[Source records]

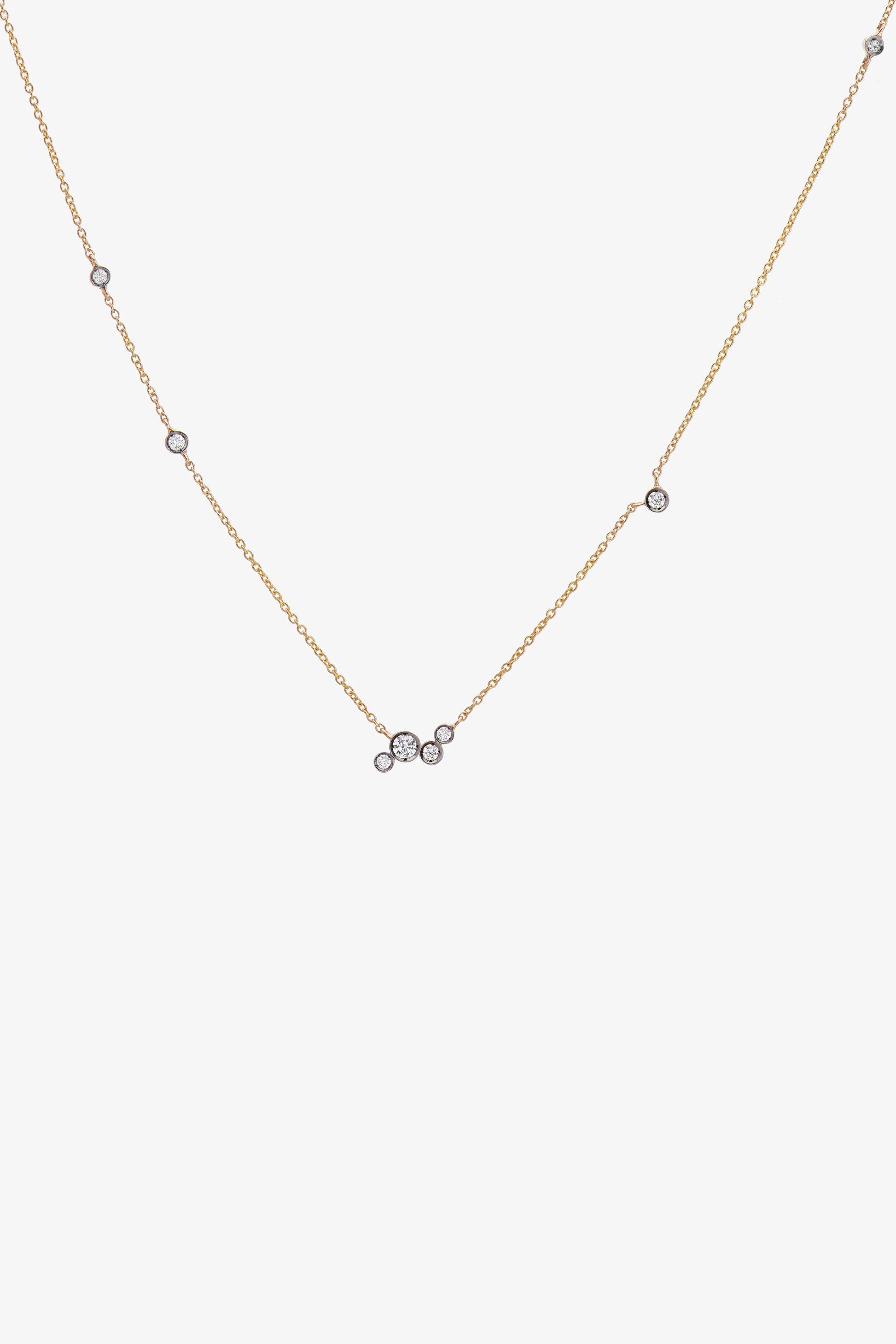 Crafted with unparalleled artistry and attention to detail, this necklace captures the essence of the dazzling night skies of the cyclades. Radiating with ethereal beauty, the aurora necklace is fashioned from exquisite 18k yellow gold and adorned with 0.11 carats of glistening diamonds, reminiscent of twinkling stars against the night sky. With its celestial allure and timeless elegance, the aurora necklace is destined to captivate and inspire.
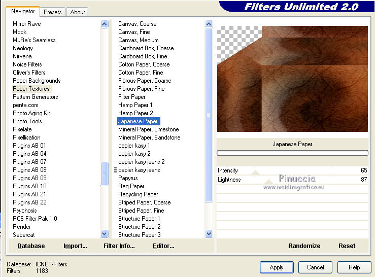 Effetti>Plugins>Filters Unlimited 2.0 - Paper Texture - Japanese Paper
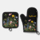 Verschiedenes Feld von Wildblumen auf schwarz Ofenhandschuh & Topflappen-Set
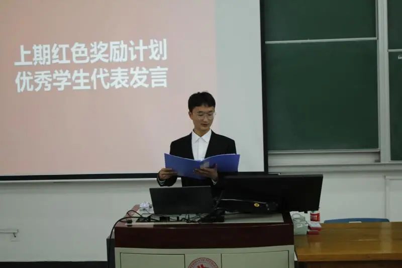 第一期红色奖励计划优秀学生代表王一帆发言,他给2020级本科生们分享了自己对红色奖励计划的理解并且提供了参与红色奖励计划的指导性建议。激励大家统筹活动安排,做好规划,提升综合素质。
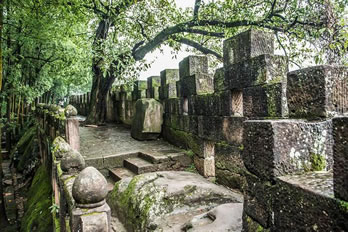 八角井位于西門天池附近竹林間。呈八角形,石砌,其建筑為宋代法式。井口直徑0.8米,井深20米,常年水深10米,從未枯竭。井腹為厚0.3米石料,層層錯(cuò)角相疊,似階梯,可供攀緣上下。
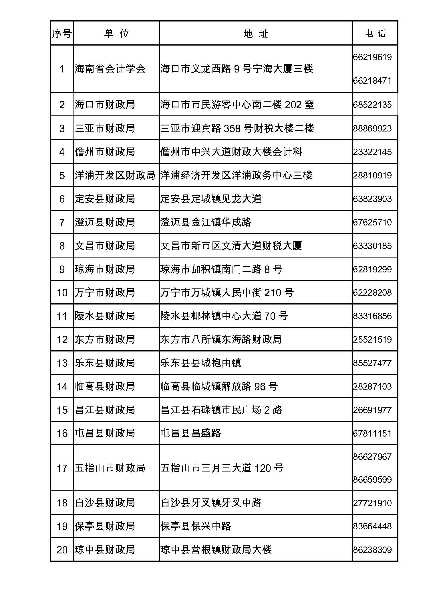 2022年度會(huì)計(jì)資格考試海南考區(qū)報(bào)名資格審核點(diǎn)(附件3)

# EXERCISE GOAL:
Please write out every record above exactly, but leave the pictures out.

# TASK OUTPUT:
 Crafted with unparalleled artistry and attention to detail, this necklace captures the essence of the dazzling night skies of the cyclades. Radiating with ethereal beauty, the aurora necklace is fashioned from exquisite 18k yellow gold and adorned with 0.11 carats of glistening diamonds, reminiscent of twinkling stars against the night sky. With its celestial allure and timeless elegance, the aurora necklace is destined to captivate and inspire.
 Effetti>Plugins>Filters Unlimited 2.0 - Paper Texture - Japanese Paper
 Verschiedenes Feld von Wildblumen auf schwarz Ofenhandschuh & Topflappen-Set
 第一期红色奖励计划优秀学生代表王一帆发言,他给2020级本科生们分享了自己对红色奖励计划的理解并且提供了参与红色奖励计划的指导性建议。激励大家统筹活动安排,做好规划,提升综合素质。
 八角井位于西門天池附近竹林間。呈八角形,石砌,其建筑為宋代法式。井口直徑0.8米,井深20米,常年水深10米,從未枯竭。井腹為厚0.3米石料,層層錯(cuò)角相疊,似階梯,可供攀緣上下。
 2022年度會(huì)計(jì)資格考試海南考區(qū)報(bào)名資格審核點(diǎn)(附件3)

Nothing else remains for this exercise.